Using the example, we start with the following stacks:
[
["Z", "N"],
["M", "C", "D"],
["P"]
]
After the first instruction move 1 from 2 to 1
We’ll have:
[
["Z", "N", "D"],
["M", "C"],
["P"]
]
The next instruction brings us to this process of popping and appending in a much more noticeable way, though: move 3 from 1 to 3
. After the first pop, we end up with:
[
["Z", "N"],
["M", "C"],
["P", "D"]
]
Notice we didn’t move 3 all at once, this means that our crates that are getting moved around will be getting reversed in order each time multiples are moved per instruction, as see in the second and third crates getting moved by this instruction:
[
[],
["M", "C"],
["P", "D", "N", "Z"]
]
We’ll do this process with the following:
for move in moves {
for _ in 0..<numberOfCrates {
let movingCrate = stacks[move.fromStackIndex].popLast()!
stacks[move.toStackIndex].append(movingCrate)
}
}
Notice that our logic looks pretty much as we described it, the actual solution is fairly simple while the difficulty laid in the parsing for this problem!
Part Two
After the rearrangement procedure completes, what crate ends up on top of each stack?
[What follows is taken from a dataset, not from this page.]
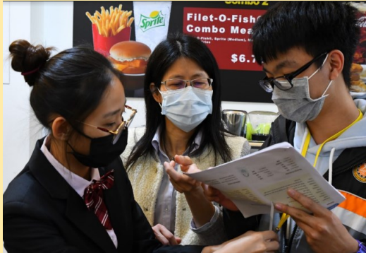
學生實際至餐廳演練如何用英文點餐
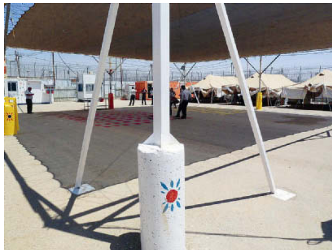
תמונה 2: הרחבה המרכזית באגף הקטינים הבלתי מלווים

Next up we’ve got a twist: we’re going to move all of the crates all at once. Now our second instruction in our example results in this:
[
[],
["M", "C"],
["P", "Z", "N", "D"]
]
Notice how the group of three crates from stack one, Z, N, D
remains in the same order as they’re moved rather than being reversed due to the pop/append process? Instead of popping a single crate off at a time, we’ll just slice off the top using suffix(from:)
to get the crates and removeLast(_: Int)
to remove them from the stack we are moving them from, and append(contentsOf:)
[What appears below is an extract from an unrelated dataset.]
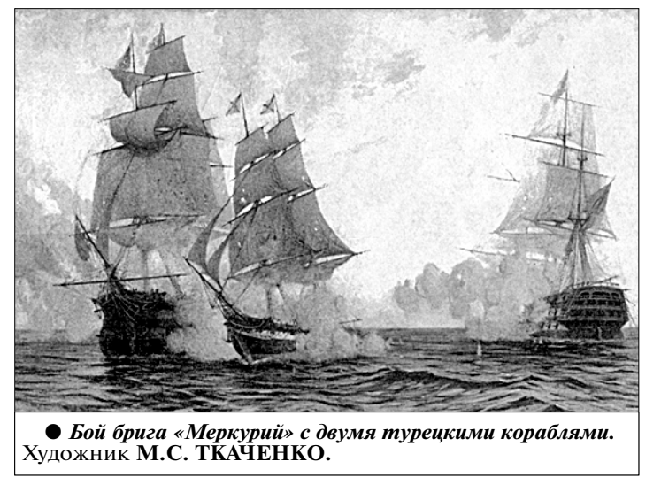
Бой брига «Меркурий» с двумя турецкими кораблями. Художник М.С. ТКАЧЕНКО.

Из этого изобильного специфическими морскими терминами длинного отчёта ясно главное: крошечный русский

to add them all at once, in the same order that we removed them in, to our stack we are moving to. Writing some pseudo-code would give us something like:
let length = stacks[move.fromStackIndex].count
let slicePoint = length - move.numberOfCrates
let fromStack = stacks[move.fromStackIndex]
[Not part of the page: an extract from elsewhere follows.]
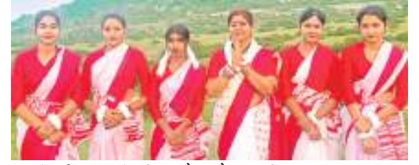
झारखंड की समृद्ध सांस्कृतिक धरोहर को बढ़ावा दिया जाएगा.

अलग-अलग प्रतियोगिता के विजेताओं के लिए कैश प्राइज, रजिस्ट्रेशन फ्री
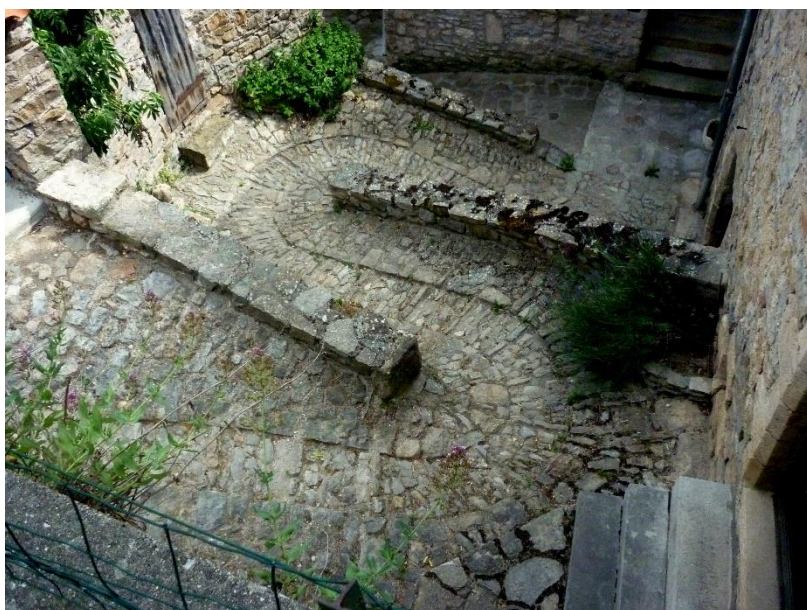
Mostuéjols, une calade

stacks[move.toStackIndex] = stacks[move.toStackIndex] + fromStack[slicePoint..<length]
stacks[move.fromStackIndex] = fromStack[0..<slicePoint]
We can make this a little more expressive using the suffix(from:)
, removeLast(_: Int)
and append(contentsOf:)
functions:
for move in input.moves {
let length = stacks[move.fromStackIndex].count
let slicePoint = length - move.numberOfCrates
let movingCrates = stacks[move.fromStackIndex].suffix(from: slicePoint)
stacks[move.fromStackIndex].removeLast(move.numberOfCrates)
stacks[move.toStackIndex].append(contentsOf: movingCrates)
}
Some languages have a “removeAndReturn” method which might reduce the lines here by one, but this isn’t the worst considering half of it is calculating an index to start the suffix from!